Department of Respiratory Disease, Thoracic Disease Center, The First Affiliated Hospital, College of Medicine, Zhejiang University, Hangzhou, China
Jianya Zhou , Yuekang Li , Jing Zheng , Kexin Ruan , Jianying Zhou
Background: Neoadjuvant immunochemotherapy has been proved effective in resectable NSCLC, while its role in unresectable stage IIIB NSCLC remains controversial. This study aims to demonstrate the efficacy and safety of neoadjuvant immunochemotherapy sequential surgical resection in initial unresectable stage IIIB NSCLC patients. Methods: This multicenter study retrospectively analyzed 59 patients with initial unresectable stage IIIB NSCLC who received induction pembrolizumab combined with chemotherapy between June 2019 and April 2022. The clinical characteristics, radiological and pathological response and survival outcomes were collected and evaluated.

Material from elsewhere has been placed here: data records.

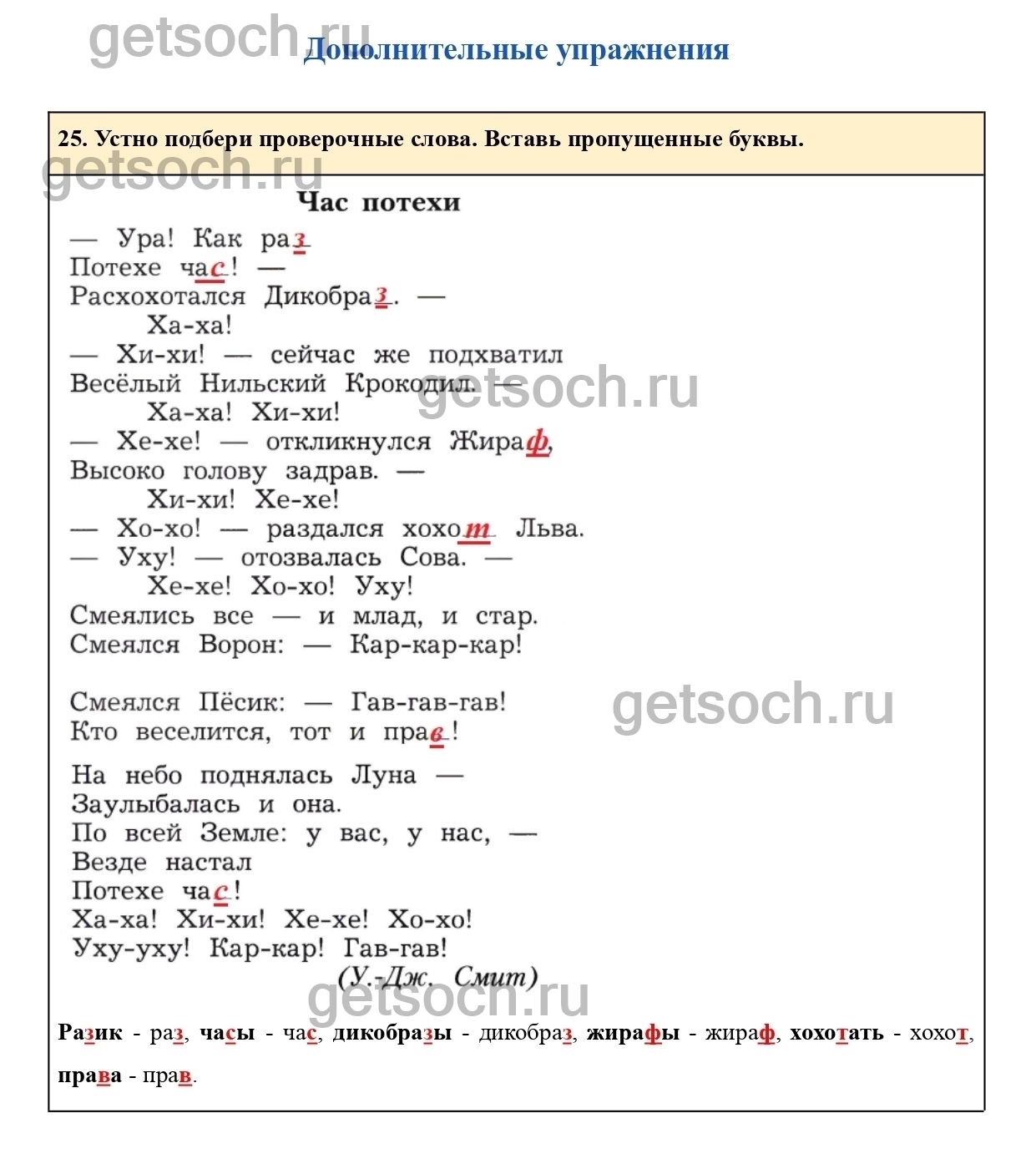 Рассмотрим ответы на задания рабочей тетради по русскому языку для 2 класса Кузнецова Страница 6525. Устно подбери проверочные слова. Вставь пропущенные буквы.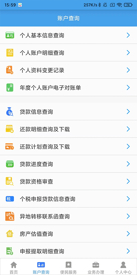 公积金,贷款账户多种信息查询;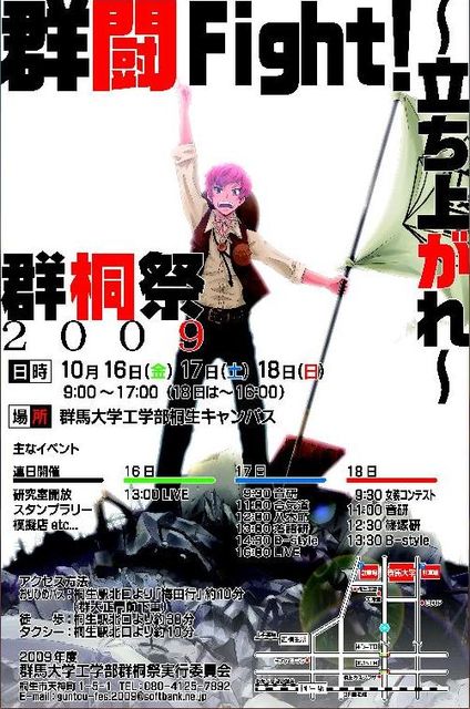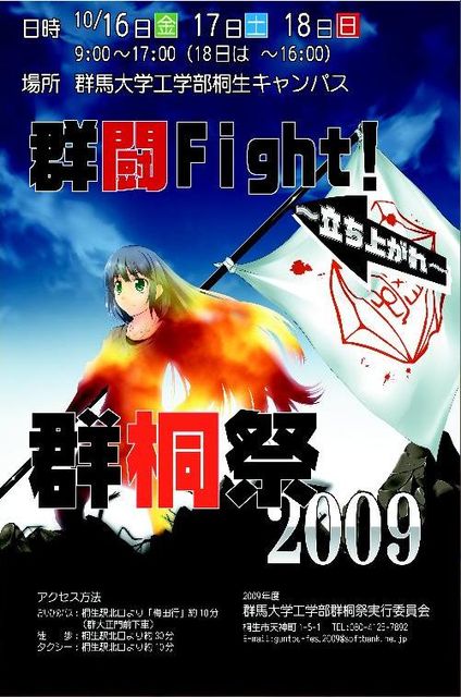 こんにちは 工学部 群桐祭実行委員です 今月10月16,17,18日の三日間、桐生キャンパスにて工学部 群桐祭2009 が開かれます。 テクノドリームツアーではいろいろな研究室で科学に触れたり、 ステージでは音楽研究会によるライブやB-styleのダンス、今年は荒牧からスペシャルゲストで 落語研究会、 大抽選会ではPS3などの豪華景品が、また最終日の日曜には恒例、女装コンテストが開かれるので ぜひ足をお運びください。 http://guntohsai0w0.web.fc2.com/flame.html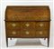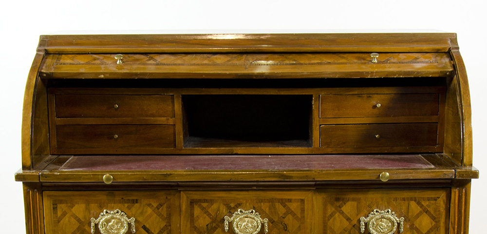 Scrivania apribile a rullo e 2 cassetti, intarsi in legni vari a motivi...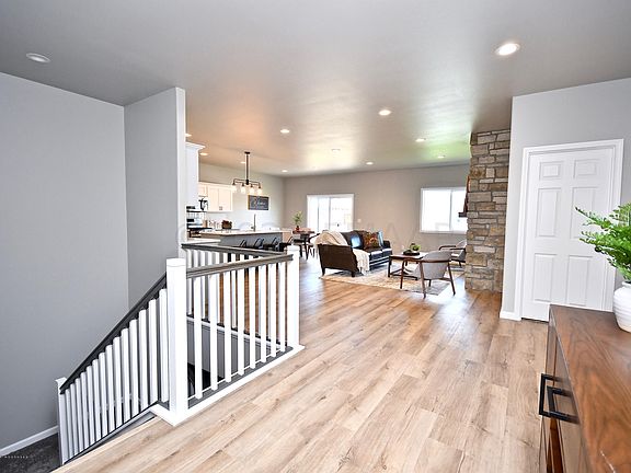 Rosestone Rambler ( 4 bed, 3 bath, 2 stall) MODEL. GO SHOW/ Quick close. Fully finished, patio, sod,sprinklers, floor drain, gas range, gas fireplace with feature wall, stainless appliances, quartz countertops, backsplash, open railing, walk in tile shower with glass shower door, upgraded carpet and pad
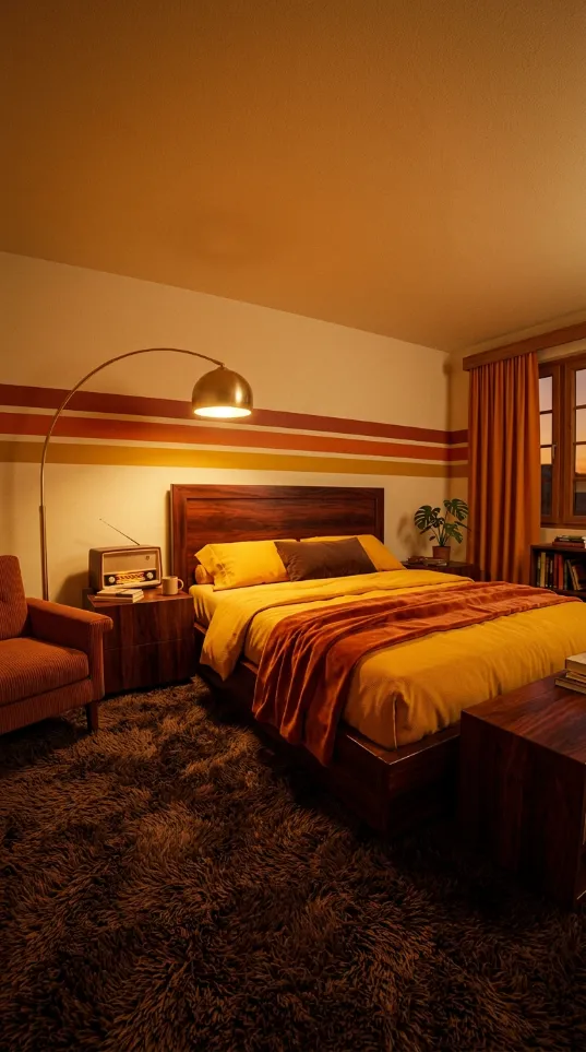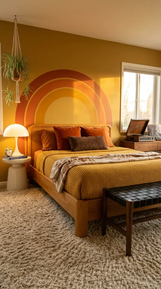 Warm shades of orange and mustard create a nostalgic atmosphere. A large rainbow arch sits directly behind the headboard for a bold effect. This color palette brings a sunny glow to the bedroom even on cloudy days. Waffle knit blankets and shag rugs add cozy textures that invite rest.

Results: A total of 59 initial unresectable stage IIIB NSCLC patients were identified and divided into the surgery group (n = 23) and non-surgery group (n = 36) with a median follow-up time of 15.0 months. The median PFS/DFS of surgery group was significantly longer than that of non-surgery group (not reached versus 15.5 months, p = 0.0031). The median OS was not reached in both groups, overall survival rate was 100% (23/23) in surgery group and 83.3% (30/36) in non-surgery group. Pathological analysis suggested that 13 of 23 patients (56.5%) achieved major pathological response (MPR) or pathological complete response (pCR), and more squamous cell carcinoma cases were observed in MPR group compared to non-MPR group (p = 0.034). Of 23 patients in surgery group, all patients had a R0 resection, no surgical-related mortality was recorded, only 3 patients (13.0%) experienced any postoperative complications. Conclusions: Surgical resection after neoadjuvant immunochemotherapy is beneficial in the survival outcome of initial unresectable stage IIIB NSCLC patients, with a high MPR rate and good surgical safety.